Lessons to be learned from unprecedented public sector survey

The Public Service Association says an unprecedented survey of public sector workers and their views about their workplaces should be used by organisations to benchmark their own performance and make improvements.

The survey was conducted jointly by the PSA and Victoria University’s Industrial Relations Centre.  It canvassed workers’ views on a range of issues around their working lives and the organisations they work for.  Almost 16,000 PSA members across 349 public sector organisations responded.

It also sought to gauge how public service agencies are dealing with pressures to be more innovative, flexible and efficient in a bid to meet the government’s Better Public Services agenda.

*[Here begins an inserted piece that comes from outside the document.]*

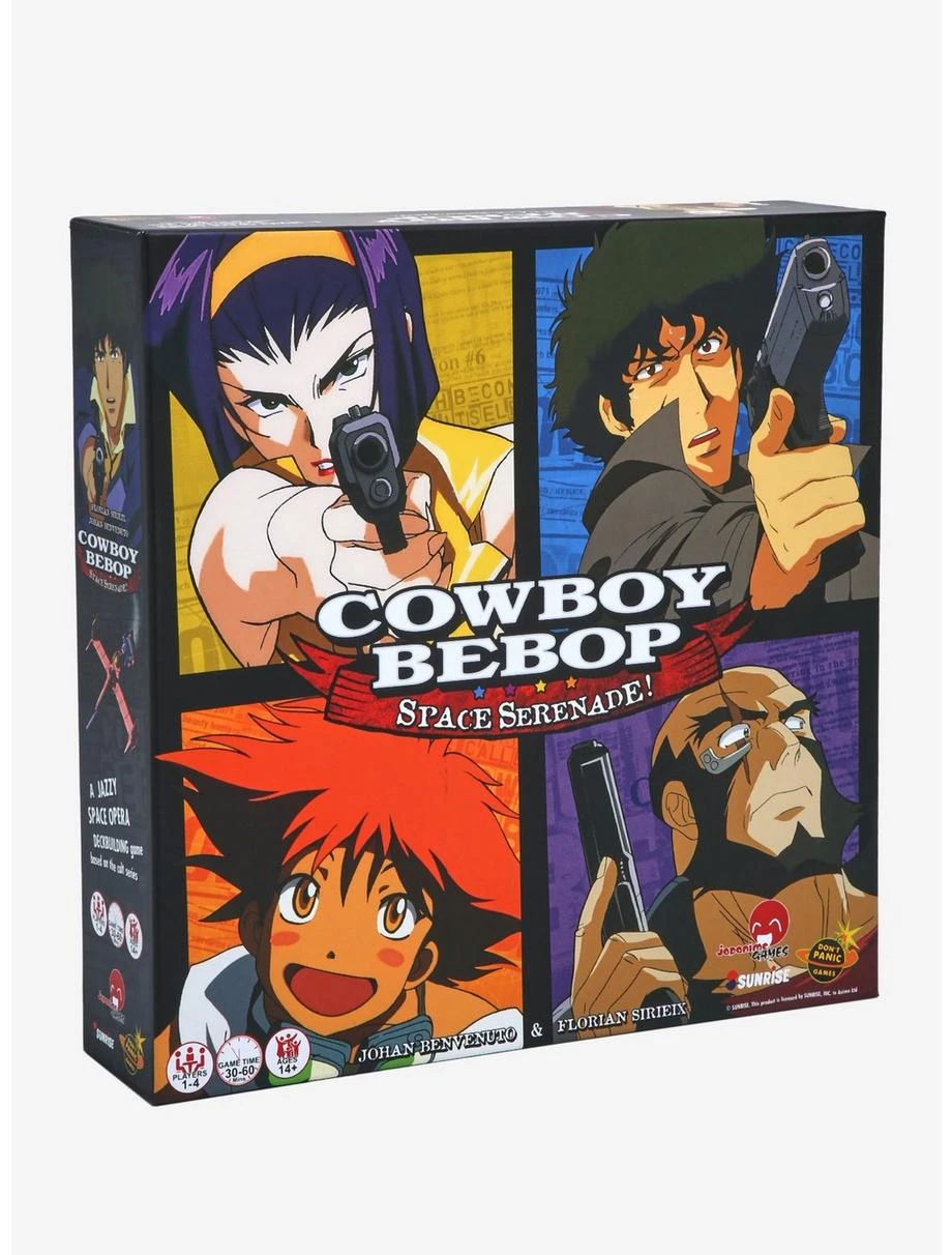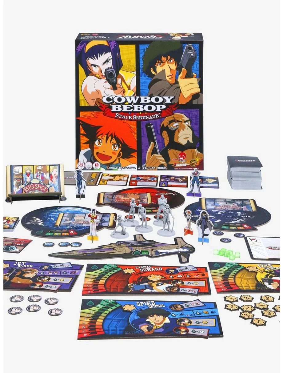 Society has taken to space and has spread across the solar system so the government now must rely on bounty hunters to try to enforce the law in Cowboy Bebop Space Serenade! The Game! Play as Spike, Faye, Jet, or Ed and Ein to hunt criminals and go head-to-head against the sinister Vicious, in this action-packed, jazzy deck-building game!

“This survey is the largest of its kind ever undertaken and as a result provides a solid measure of organisational performance across the public sector,” says PSA National Secretary Brenda Pilott.

“It also comes at a time when public sector organisations have been facing government budget cuts, restructuring and have been under a lot of pressure to do more with less.  That is clearly reflected in the survey.”

The majority of respondents said they worked more than their contracted hours and on average worked an extra six hours a week.  The survey said that 83% of those who put in additional hours don’t’ get paid for them and 47% said they had too much work for one person to do.

Brenda Pilott says “many organisations did perform well in terms of their workplace processes, practices and worker experiences, but interestingly those that didn’t were more likely to have had frequent restructuring, higher workloads, less job security and more bullying.”

Overall the survey shows public servants are motivated and committed to their jobs but have a weaker commitment to their own individual organisations.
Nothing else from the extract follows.